══ Task input ══

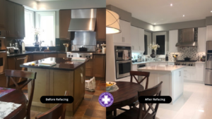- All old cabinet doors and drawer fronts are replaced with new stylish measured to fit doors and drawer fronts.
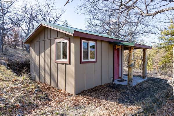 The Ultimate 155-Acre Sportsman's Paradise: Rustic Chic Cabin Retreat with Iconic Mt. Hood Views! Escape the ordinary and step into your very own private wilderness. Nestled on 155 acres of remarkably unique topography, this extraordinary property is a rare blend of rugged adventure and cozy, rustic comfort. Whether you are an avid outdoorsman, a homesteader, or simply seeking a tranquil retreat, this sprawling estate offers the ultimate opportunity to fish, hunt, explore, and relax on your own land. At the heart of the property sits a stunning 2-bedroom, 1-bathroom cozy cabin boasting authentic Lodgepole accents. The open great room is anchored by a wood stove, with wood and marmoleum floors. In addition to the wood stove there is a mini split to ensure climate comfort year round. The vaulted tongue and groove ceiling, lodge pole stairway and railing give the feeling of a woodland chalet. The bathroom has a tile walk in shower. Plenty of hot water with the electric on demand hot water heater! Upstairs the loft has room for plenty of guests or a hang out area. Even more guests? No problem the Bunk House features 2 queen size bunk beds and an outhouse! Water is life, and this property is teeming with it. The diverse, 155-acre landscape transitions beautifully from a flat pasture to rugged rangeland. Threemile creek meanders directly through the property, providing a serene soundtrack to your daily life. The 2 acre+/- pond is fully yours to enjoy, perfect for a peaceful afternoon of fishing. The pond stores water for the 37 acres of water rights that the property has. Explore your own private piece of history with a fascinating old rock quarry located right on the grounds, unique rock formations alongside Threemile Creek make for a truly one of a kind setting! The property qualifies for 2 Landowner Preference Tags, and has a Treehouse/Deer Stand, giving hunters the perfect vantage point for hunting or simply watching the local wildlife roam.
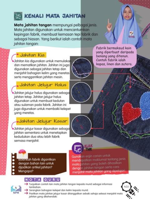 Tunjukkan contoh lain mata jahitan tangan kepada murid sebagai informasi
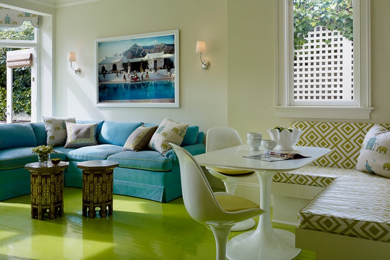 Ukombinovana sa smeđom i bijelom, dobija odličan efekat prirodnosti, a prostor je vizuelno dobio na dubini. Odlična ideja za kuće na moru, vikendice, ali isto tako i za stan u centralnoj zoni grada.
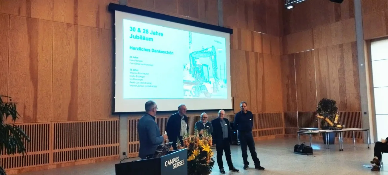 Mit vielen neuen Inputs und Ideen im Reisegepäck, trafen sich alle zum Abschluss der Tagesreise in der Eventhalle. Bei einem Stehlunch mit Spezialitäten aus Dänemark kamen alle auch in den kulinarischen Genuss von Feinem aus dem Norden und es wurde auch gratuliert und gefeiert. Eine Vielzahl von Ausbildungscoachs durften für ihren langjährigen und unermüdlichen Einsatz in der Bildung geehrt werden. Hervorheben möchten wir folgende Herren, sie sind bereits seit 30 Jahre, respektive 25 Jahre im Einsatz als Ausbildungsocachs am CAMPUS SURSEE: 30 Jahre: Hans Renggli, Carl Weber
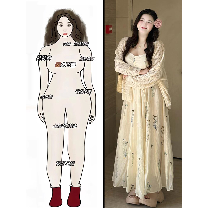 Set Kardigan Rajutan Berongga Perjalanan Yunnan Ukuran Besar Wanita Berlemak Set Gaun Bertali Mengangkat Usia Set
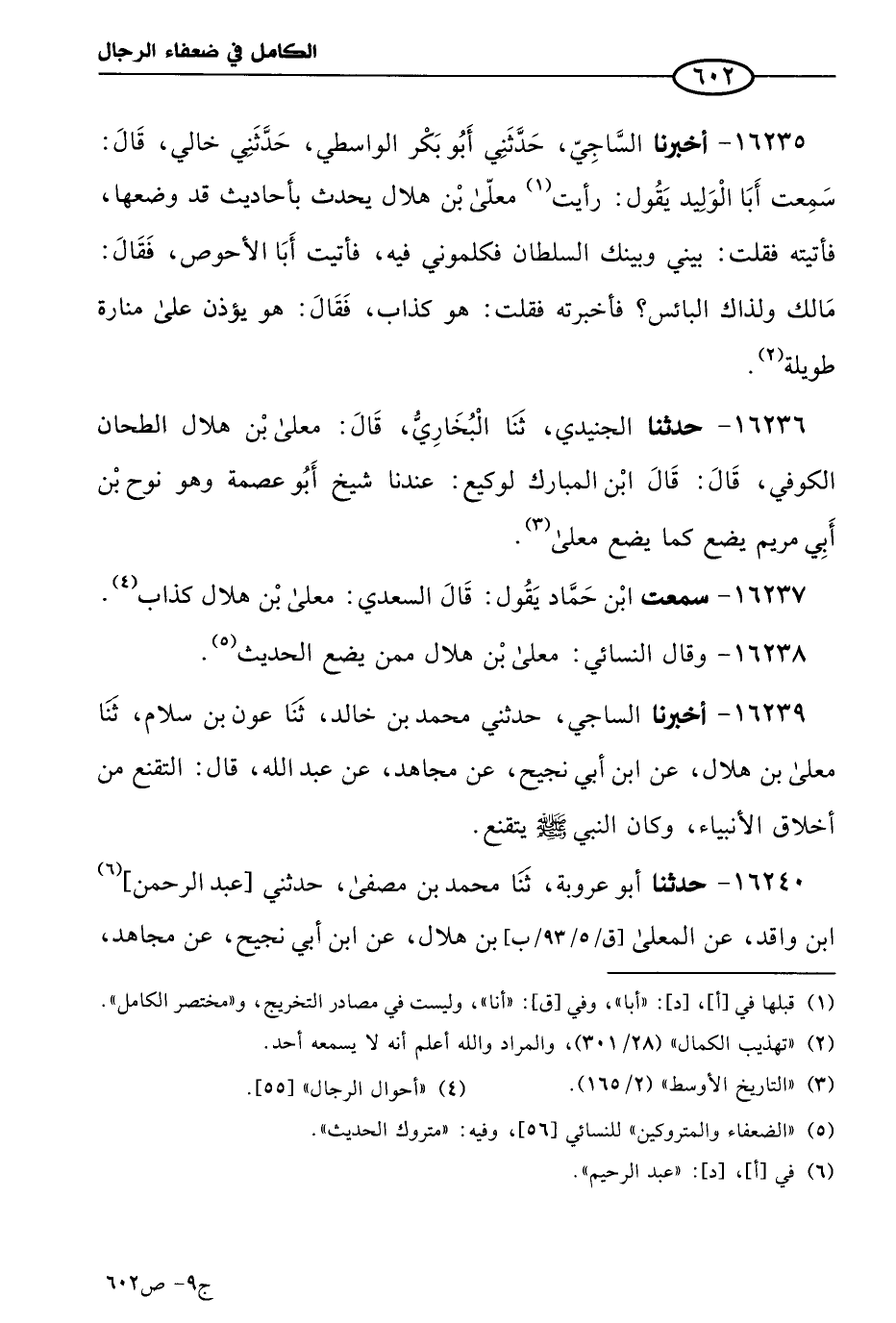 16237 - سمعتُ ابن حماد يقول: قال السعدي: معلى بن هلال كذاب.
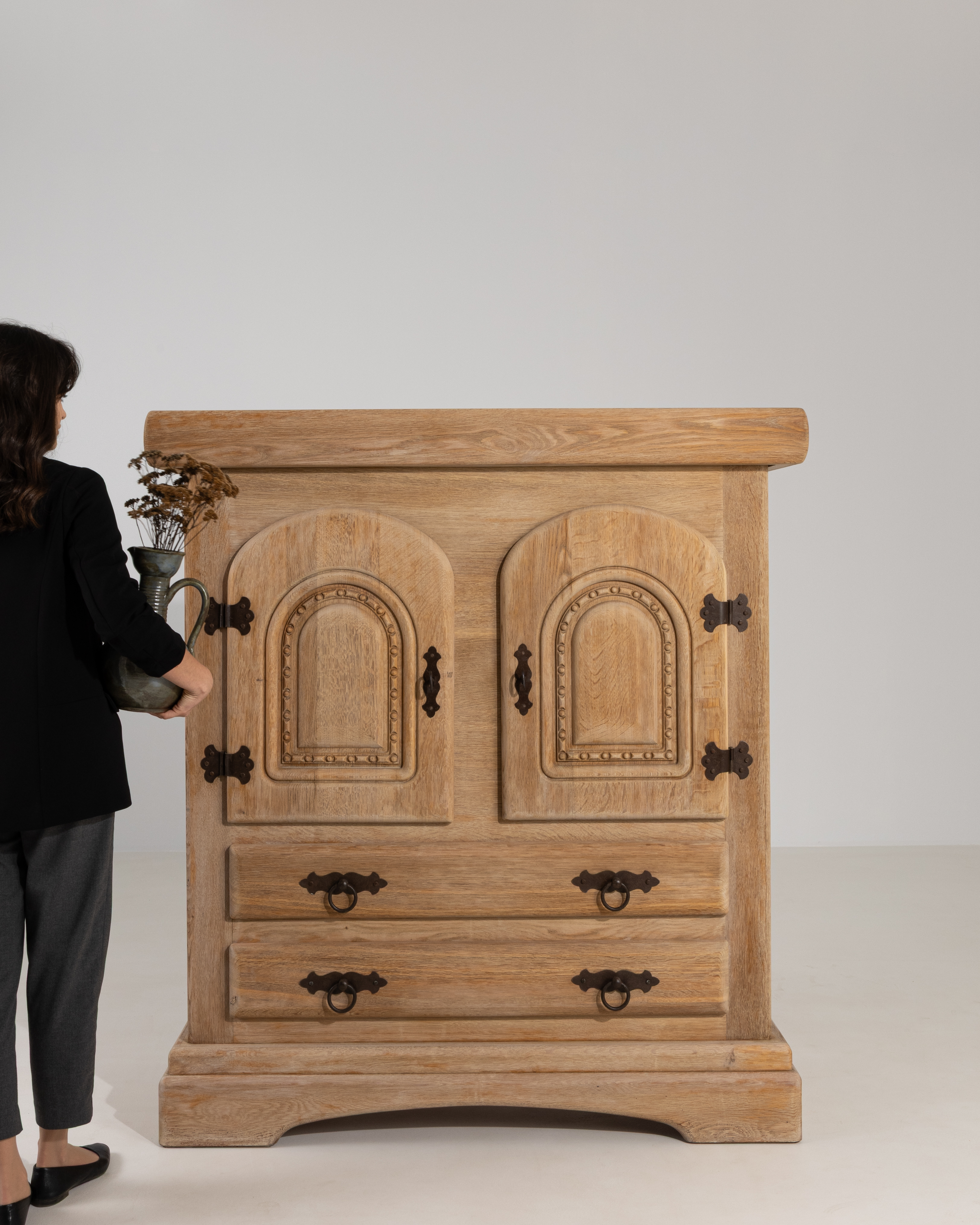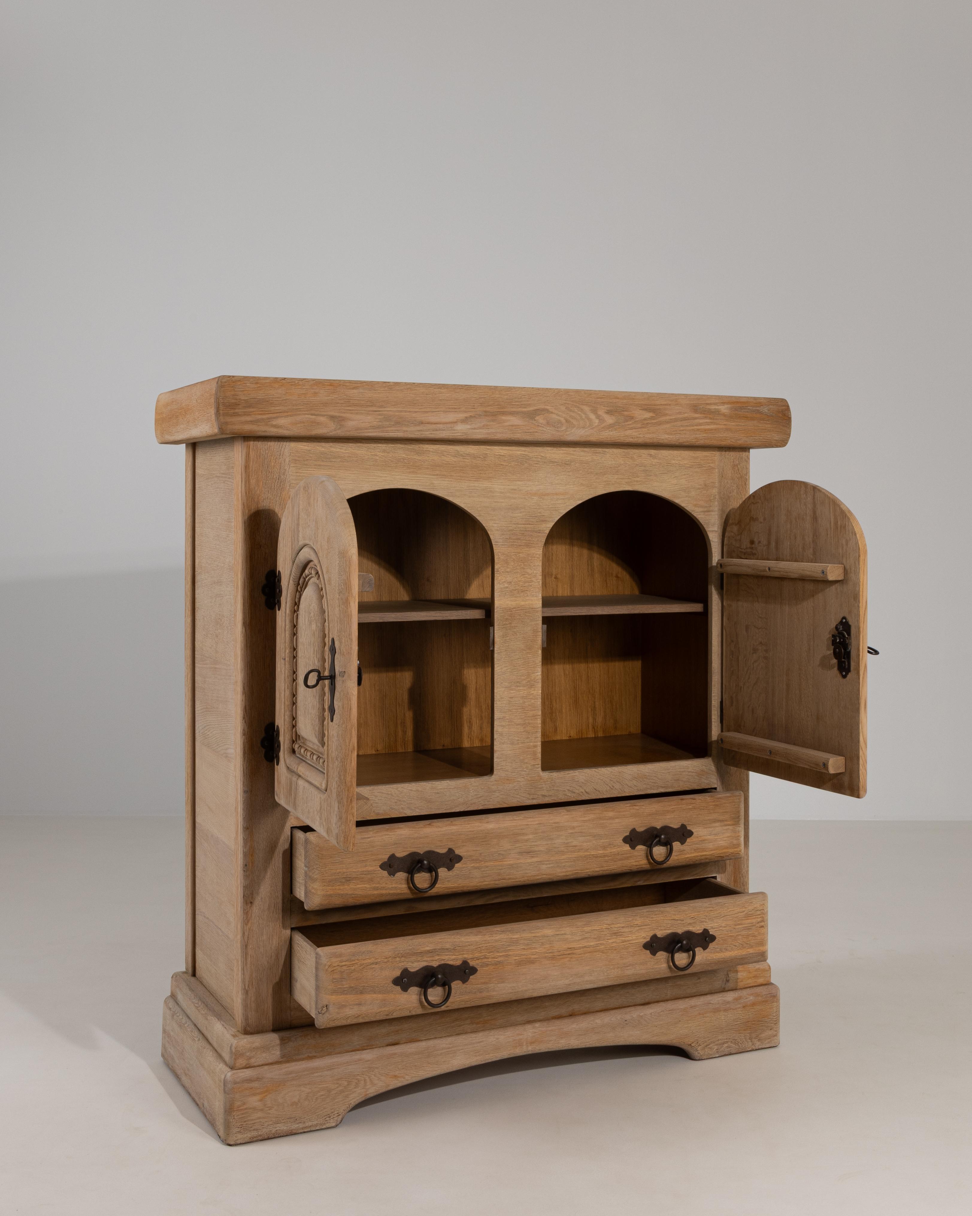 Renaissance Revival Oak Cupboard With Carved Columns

═══

#### [Task to carry out]
Return the line containing "Set Kardigan Rajutan" and every line after it through the end of the records above, exactly and nothing else, but not the pictures.

#### [Response for this exercise]
 Set Kardigan Rajutan Berongga Perjalanan Yunnan Ukuran Besar Wanita Berlemak Set Gaun Bertali Mengangkat Usia Set
 16237 - سمعتُ ابن حماد يقول: قال السعدي: معلى بن هلال كذاب.
 Renaissance Revival Oak Cupboard With Carved Columns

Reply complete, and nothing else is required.